Since 1996, Scotland has had 32 very different authorities working hard to deliver local and national priorities for their local communities. In such hard times, a serious discussion needs to be had about whether Scotland can maintain 32 councils and 32 education authorities. It will be interesting to see if national leadership will be content to wait for marriages of convenience to evolve across Scotland, or whether it will take a more directive approach.

Some are already saying that learners face a postcode lottery, and no doubt parents will echo this view when the spending cuts start to bite. It is hard to argue against it, when we look at the spending options being considered. This will be one tough call for an incoming administration, but, whatever the decisions, I hope the needs of learners will remain paramount.

And what of our school leaders? This era will test their leadership qualities. For years there has been an over-reliance, fostered by heads and directorates, on upward advice, upward decision-making and upward responsibility. In such austere times, this has to end; it needs to anyway if devolution of resources and decision-making is to happen. The last national HMIE report pointed to concerns over leadership in some schools. Our system, in effect unchanged for decades, assumes each school requires its own head and that they all have similar duties and qualities.

This hierarchical and traditional system will be challenged, and I doubt it can deliver our new 3-18 curriculum and an integrated children’s services agenda in the most effective possible way for all young people. Perhaps we should remodel our leadership structures around the needs of learners and their communities, and build up a local learning community model which delivers a 3-18 curriculum and support for children and young people in a more coherent way - which is a leadership challenge on its own.

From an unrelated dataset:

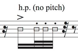 h.p. (no pitch): heaviest, pure noise (staff position not indicative of pitch level) , multi, multiph: stable, dissonant multiphonic sound on given note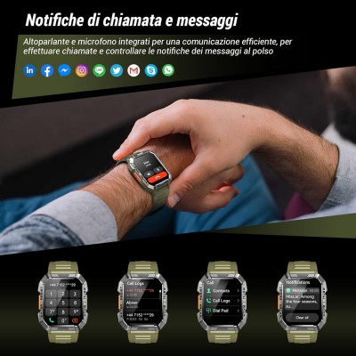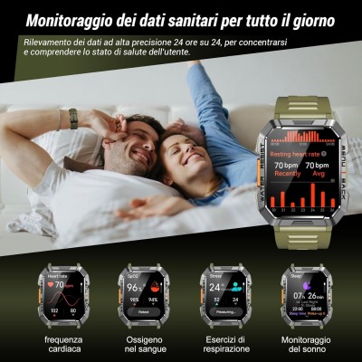 【Qualità Standard Militare & Batteria da 100 Giorni】La montatura dello smartwatch militare è realizzata in una speciale lega di alluminio e ha superato 12 test militari. È robusta, impermeabile e antipolvere, perfetta per ambienti estremi. Con una batteria da 900 mAh, 5 volte più potente degli smartwatch tradizionali, garantisce 100 giorni di standby e 30 giorni di uso quotidiano. Dì addio alla ricarica frequente!

And why cannot all schools, or groups of schools, in local learning communities be given charitable status? Imagine the boost to per-capita budgets this would create. It has always puzzled me why independent schools have this advantage over schools within the public sector.

Historically, times of crisis and need foster creative solutions. Our canny traditional approach has served us well for decades, but recent comparisons of our performance with that of other countries have caused some to wake up and smell the coffee. It is time to rethink some of the assumptions at the foundation of our current system.

Some would question whether children should begin formal schooling at the age of five and argue that we should look at practice in some high- performing countries where a later start, preceded by early-years investment of the highest quality, seems to work well. At the other end of the learner’s journey, I would advocate a new approach which travels through the senior phase enabling the sixth year to become a means of reducing a four-year degree to three with benefits to young people, their families and taxpayers.

As 2011 approaches, we need to see e-learning solutions bringing not only new and enhanced curriculum choice for all learners, but also filling the gap caused by reduced staffing levels. We must understand that our young people are developing in a fundamentally different environment from previous generations, and that many come to school with well-developed skills shaped by an information era which is often not replicated in their classroom and school.

We must embrace an era where there is a range of educators of different backgrounds, skills and qualifications - all supporting children and young people through their learning journey.

Finally and crucially, we all need to consider the question posed recently by the Education Secretary: “Can a leaner education system be a fitter and better system?” Hard times do require tough choices but, most importantly, they require brave leaders to make them.

Bruce Robertson was director of education in Highland and in Aberdeenshire, 1998-2010. He is currently carrying out a one-year commission for ADES, funded by the Scottish Government.